If you look at military battles, you can find all kinds in information on more recent engagements ( <100 years ), however as you go back in time the descriptions of the battles get more and more condensed .

There are many "ancient wars" I have read about that are condensed into 1 or 2 paragraphs, even though they lasted for many years .

What do you think will happen to the history of video games ??

I cannot remember the books I've read any more than the meals I have eaten; even so, they have made me.

~ Ralph Waldo Emerson

People tend to capture their history- on any asset actualy, may it be sport, music, literature , art, even lifestyle. And though video games are a comodity very bound to computational device, then so is also music for example (piano).

In more time to have passed, I would say 200 years, I bet that history faculties on universities will have a department of video games entertainment history. But which of those archaic assets will be played - even as a concept, not as the concrete comodity, is hard to tell. And wheather any of games we have seen so far will be popularily remaked and played that time, with enough measure of revivality, is too hard to say.

Backgammon has survived 5,000 years, it might do another 1,000.

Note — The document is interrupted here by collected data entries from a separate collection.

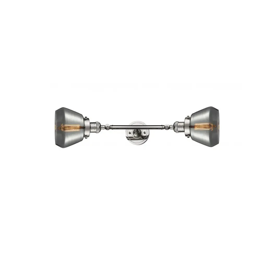 INNOVATIONS LIGHTING 208L-BAB-G173-LED Fulton 2 Light Bath Vanity Light part of the Franklin Restoration Collection. The Fulton 2 Light Bath Vanity Light is part of the Franklin Restoration Collection.Solid Brass 180 Degree Adjustable Swivels with internal teeth that lock in at 5 degree intervals. Collection: Franklin Restoration. Material: Steel, Cast Brass, Glass. Metal Finish(Body): Black Antique Brass. Metal Finish(Canopy/Backplate): Black Antique Brass. Dimension(in): 6.75(W) x 22.5(H) x 10(Ext). Bulb: (2)3.5 Watt LED Vintage Medium Base Bulb Included,Dimmable. Color Temperature: 2700. Color Rendering Index(CRI): 82. Lumens): 350. Voltage: 120. Glass: Plated Smoke Fulton/Colorful. Shade Shape: Cone. Shade Material: Glass. Shade Size(in): 6.75 X 5.25. Shade Fitter Measurement: 3.25 inch Fitter. Canopy Dimension(in): 4.5. Backplate Dimension(in): 4.5x0.75. Solid Brass 180 Degree Adjustable Swivels with internal teeth that lock in at 5 degree intervals. Fixtures can be hung Horizontally or Vertically. Fixture can be hung with bulbs facing up or down as a Wall Mount. UL/CUL Damp Rated. Warranty: 2 Year Finish, Lifetime Electrical.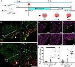 Fig. 1. Transient fibrotic response followed by complete ventricle rebuilding after cardiac resection in tadpole heart. (Top) Cardiac resection was performed on prometamorphic NF57 X. laevis tadpoles by dissecting the abdominal skin and opening the pericardium, then removing â¼10â15% of the ventricle toward the apex. Hearts were collected at 1, 3, 14, 30, 50, 90, and 180 dpa. (AâG) PSR histological labeling reveals an intensification of fibrotic connective tissue up to 14 dpa at the site of amputation (labeled in dark red). From 30 dpa up to 90 dpa, the fibrotic zone regressed and progressively disappeared as the ventricle apex regained a normal morphology, and was strongly reduced or undetectable after 90 (F2 and F1, respectively) or 180 dpa (G). (Aâ²âGâ²) Higher magnifications, with dotted lines indicating amputated area and arrows indicating the amputation site. (Scale bars, 100 μm.) |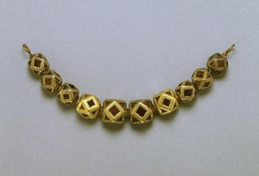 | Keywords: Ostrogothic - Polyhedral Beads - Walters 571746 - View A.jpg These ten beads were probably part of a woman's necklace They are made of thin sheet gold that was cut and folded around a core of pitch pine resin Slices of garnet backed with foil to enhance their brilliance were inserted into the pitch between the gold frames This technique of combining gold and foil-backed garnets is characteristic of the Goths of South Russia century 5 Early Medieval gold with garnets over pitch cm 3 4 9 1 3 accession number 57 1746 21359 Joseph Chmielowski Ochakov Ukraine Joseph Chmielowski Sale Amercian Art Gallery New York February 23-25 1922 lot 710 Henry Walters New York date of acquisition unknown by purchase Sadie Jones Mrs Henry Walters New York 1931 by inheritance Mrs Henry Walters Sale New York December 1-4 1943 lot 537 The Hammer Galleries New York date and mode of acquisition unknown Walters Art Museum September 19 1945 by purchase Museum purchase with funds provided by the S A P Fund 1945 Early Christian and Byzantine Art Baltimore Museum of Art Baltimore 1947 Romans and Barbarians Museum of Fine Arts Boston Boston 1976-1977 Jewelry - Ancient to Modern The Walters Art Gallery Baltimore 1979-1980 Objects of Adornment Five Thousand Years of Jewelry from the Walters Art Gallery Baltimore Cooper-Hewitt National Design Museum New York; Chrysler Museum of Art Norfolk; Carnegie Museum of Art Pittsburgh; San Antonio Museum of Art San Antonio; Philbrook Museum of Art Tulsa; Honolulu Academy of Arts Honolulu; New Orleans Museum of Art New Orleans; Milwaukee Art Museum Milwaukee; Minneapolis Institute of Arts Minneapolis; Toledo Museum of Art Toledo; The John and Mable Ringling Museum of Art Sarasota 1984-1987 Jewelry from the Walters Art Museum and the Zucker Family Collection The Walters Art Gallery Baltimore 1987 place of origin Russia Walters Art Museum license Medieval metalwork in the Walters Art Museum Jewellery in the Walters Art Museum Media contributed by the Walters Art Museum needs category review Ostrogothic jewellery |

Other than strategy games, it's been mostly the physical combat games that survived through the millenia, such as bowling or darts, archery (hey, even on Wii) where it matters that you can throw a round boulder or an arrow of some kind (or a horseshoe!) at something, or where it matters that your team forces its way through another team's defense line (rugby, which is more like 2,000 years old, not 200 as you'd believe). The motive was of course the same one as F. L. Jahn's (in Germany known as "father of gymnstics") motive for furthering sport for the young in the 18th century. No, it wasn't philanthropy, it was getting young men in shape and ready for military service early.

With that in mind, ego-shooters are probably what will survive.